Líder nacional na produção e exportação, o Espírito Santo pode ter 13 mil famílias impactadas. Embora a venda direta para os EUA represente apenas 1% das exportações, o país absorve 25% da produção brasileira, com previsão de 90 mil toneladas neste ano. O presidente da Associação Brasileira de Especiarias (BSA) destaca a preferência pelo mercado americano pela estabilidade. Antes mesmo da vigência, a taxação já provocou queda de 12% nos preços. Um terço da pimenta exportada passa pelo Vietnã antes de chegar aos EUA, sendo monitorada e tributada.

Gengibre

O secretário de Agricultura Enio Bergoli informou que contratos estão sendo suspensos e exportadores deixam de honrar compromissos. O Espírito Santo responde por 75% da produção nacional, quase toda de agricultura familiar. Três mil famílias serão atingidas, especialmente em Santa Leopoldina, Santa Maria do Jetibá e Domingos Martins.

Rochas naturais

Os EUA importam 85% da pedra natural consumida, sendo o principal comprador externo do Espírito Santo. Mais de 80% das exportações brasileiras de rochas naturais partem do estado, com destaque para Cachoeiro de Itapemirim.
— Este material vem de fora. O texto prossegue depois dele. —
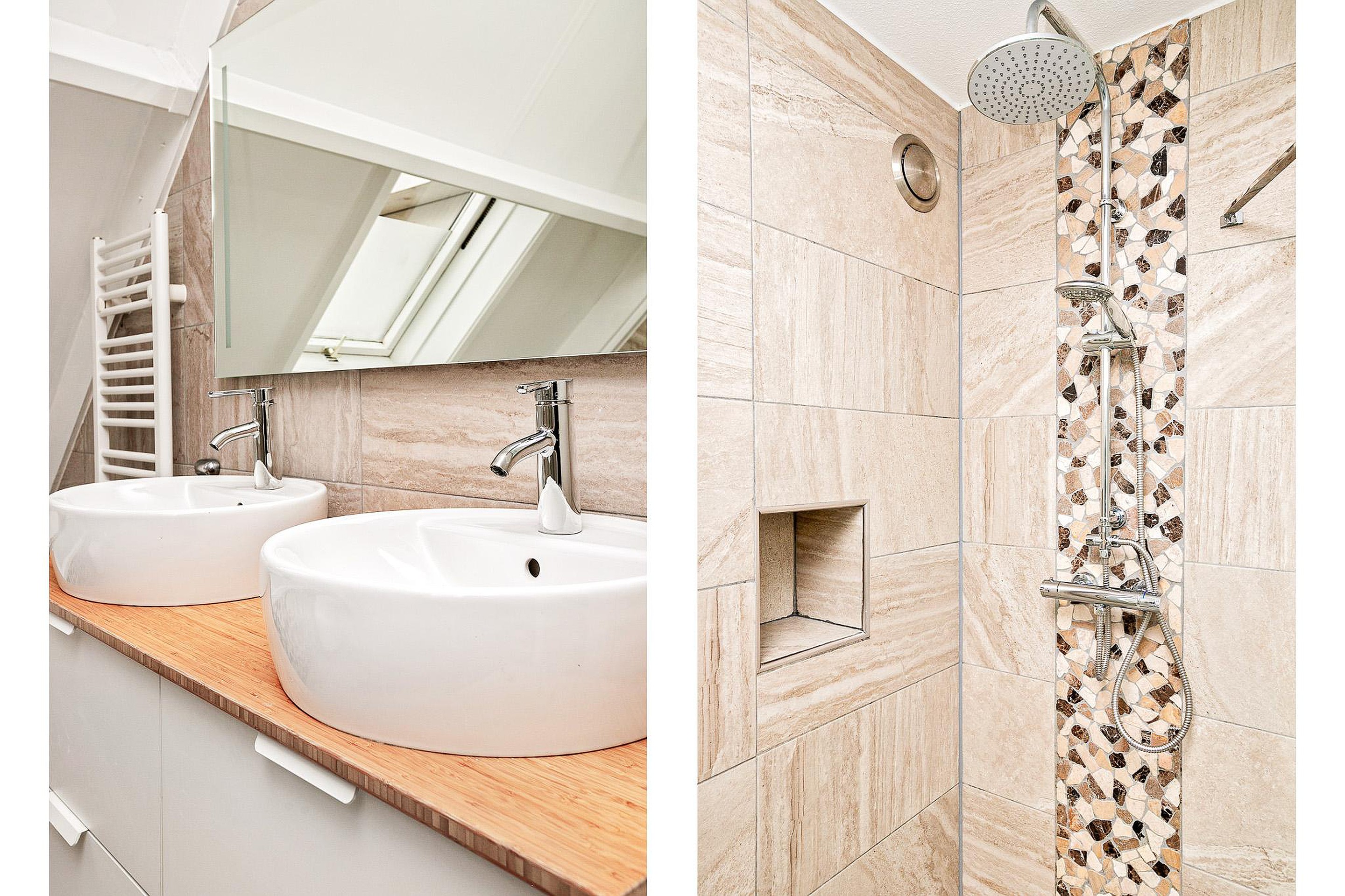 De overloop geeft toegang tot drie slaapkamers. De ruime hoofdslaapkamer is voorzien van inbouwkast, de tweede slaapkamer is ideaal als kinder- of logeerkamer en de derde kamer is flexibel in te richten. Allen voorzien van dakkapel. De recent gerenoveerde badkamer is luxe afgewerkt met bubbelbad, inloop regendouche, dubbele wastafel met breed meubel, handdoekradiator, verwarmde led-spiegel, elektrische vloerverwarming en een tweede toilet.

O Centrorochas mantém diálogo com autoridades americanas para tentar ampliar as isenções. O setor emprega 6 mil pessoas no estado e a tarifa pode afetar 200 mil empregos nos EUA.

Pescado

Praticamente todo pescado exportado pelo Espírito Santo vai para os EUA. Em 2025, 98% da produção local foi destinada ao país, somando US$ 5,2 milhões. Itapemirim responde por 15% da produção nacional e 13 mil pessoas dependem da atividade. Exportar para outros continentes é uma alternativa, mas enfrenta barreiras sanitárias.

Medidas do governo estadual

O governo do Espírito Santo avalia um pacote de apoio, incluindo linhas de crédito com prazo longo, carência e juros compatíveis para pequenos agricultores e empresas que não conseguem mais exportar para os EUA. O vice-governador Ricardo Ferraço afirmou que a contrapartida será a manutenção da atividade e dos empregos, mas detalhes sobre regras e datas ainda não foram divulgados.

Produtos não afetados pelo tarifaço

Segundo a Findes, uma extensa lista de produtos do Espírito Santo não será impactada pelas tarifas, incluindo pasta química de madeira, minérios de ferro, óleos brutos de petróleo, motores elétricos, smartphones, aparelhos de telecomunicação, impressoras, bombas hidráulicas, peças de aviões e outros itens industriais e tecnológicos.

Repercussão e expectativas

Contêineres parados no Porto de Vitória refletem a incerteza dos exportadores quanto ao comportamento dos compradores americanos. Instrumentos musicais de corda, como arcos de violino e contrabaixo, também estão na lista dos prejudicados, embora o governo não tenha detalhado volumes ou valores. O início das novas tarifas foi adiado para a próxima quarta-feira (6), após exceções anunciadas pelo presidente Trump.